The new normal: Changes to blood pressure guidelines you should know
2003 Adult Blood Pressure Classification:
Stage 1 hypertension 140-159/90-99
Stage 2 hypertension >160/100
2017 Adult Blood Pressure Classification:
Stage 1 hypertension 130-139/80-89
Stage 2 hypertension >140/>90
Hypertensive Crisis >180/>120
In 2016, about 75 million Americans — representing a whopping 29 percent of the adult population — had high blood pressure. And of those 75 million Americans, only 54 percent had their high blood pressure under adequate control.
These statistics from the Centers for Disease Control and Prevention relied on a definition of high blood pressure that was based on a comprehensive set of guidelines developed in 2003 by a Joint National Committee with the approval of the National Institutes of Health (NIH). Just a few months ago, in November 2017, radical changes were made to the guidelines used for diagnosing and treating hypertension (abnormally high blood pressure).
With American Heart Month having just concluded, it’s worth exploring these new guidelines and what they mean for the number of Americans suffering high blood pressure.
The new guidelines were published in a comprehensive report by the American College of Cardiology and the American Heart Association.
Nine other professional medical organizations took part in producing this major document, which relied on more than 900 medical studies. One in particular, called SPRINT (Systolic Blood Pressure Intervention Trial), was published in 2015.
This NIH study included almost 10,000 people with a systolic pressure of over 130. Note that systolic pressure is the first of the two numbers that comprise a blood pressure reading. These SPRINT study participants were randomly assigned to one of two groups.
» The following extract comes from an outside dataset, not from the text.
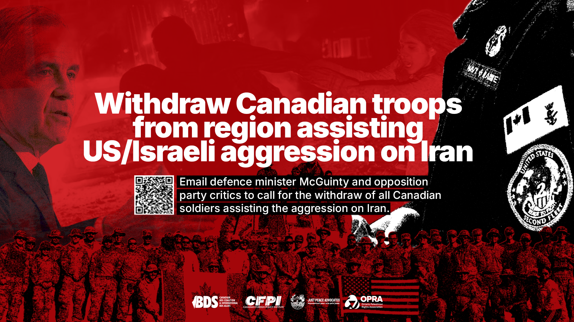 According to CBC, Canadian soldiers stationed on US bases in West Asia have assisted the US/Israeli war on Iran. Please email defence minister McGuinty and opposition party critics to call for the withdraw of all Canadian soldiers assisting the aggression on Iran.

The intensive treatment group had their systolic pressure lowered with a goal of less than 120. The other group had their systolic pressure lowered with a goal of less than 140. The intensive treatment group was found to have a reduced risk for heart attacks, strokes, heart failure and death. The benefits were so striking that the study was stopped early.
We know that blood pressure can vary moment to moment. A wide variety of stimuli, even just walking into a medical exam room, can raise the pressure. So when should blood pressure be measured to determine if someone has hypertension? In SPRINT, the investigators used an interesting technique for blood pressure measurement in an attempt to minimize outside stimuli.
After a study participant walked into an exam room, a high-quality automated blood pressure cuff was set up and programmed to measure the blood pressure once every minute for three readings, starting five minutes after medical personnel left the room.
The blood pressure reading obtained in this fashion may be lower than a blood pressure obtained during a usual medical office visit. As in SPRINT, medical providers should try and obtain blood pressure readings that are not influenced by outside stimuli before deciding if someone has hypertension.
Other ways this can be done include home blood pressure measurements, a 24-hour blood pressure monitor, waiting at least five minutes after the patient enters the exam room before measuring blood pressure, and taking several blood pressure measurements during the office visit.
With these new guidelines, the number of adults in the United States considered to have hypertension increases by 31 million to 46 percent of the population. However, the need for blood pressure-lowering medicine will apply to just 4 million of these people.
The rest of the newly diagnosed individuals who have a lesser elevation of blood pressure may need only to modify their lifestyle (a healthier diet and increased physical activity, for example) to achieve a normal blood pressure. For those already taking blood pressure-lowering medicine, 53 percent will need more medicine for improved blood pressure control.
The new recommendations also point out that those people who already have cardiovascular disease, or have a high risk of developing it, should have high blood pressure treated more aggressively.
It was not until the 1960s that the association between hypertension and cardiovascular disease was discovered. In the little more than 50 years since, much of the improvement in cardiovascular health can be attributed to an improvement in blood pressure control.
Now, with these new, more rigorous guidelines, cardiovascular health is expected to improve even more. If you are concerned that your blood pressure may be too high, please consult your doctor.
Dr. Peter Lemis is a board-certified cardiologist at Summit Cardiology in Frisco.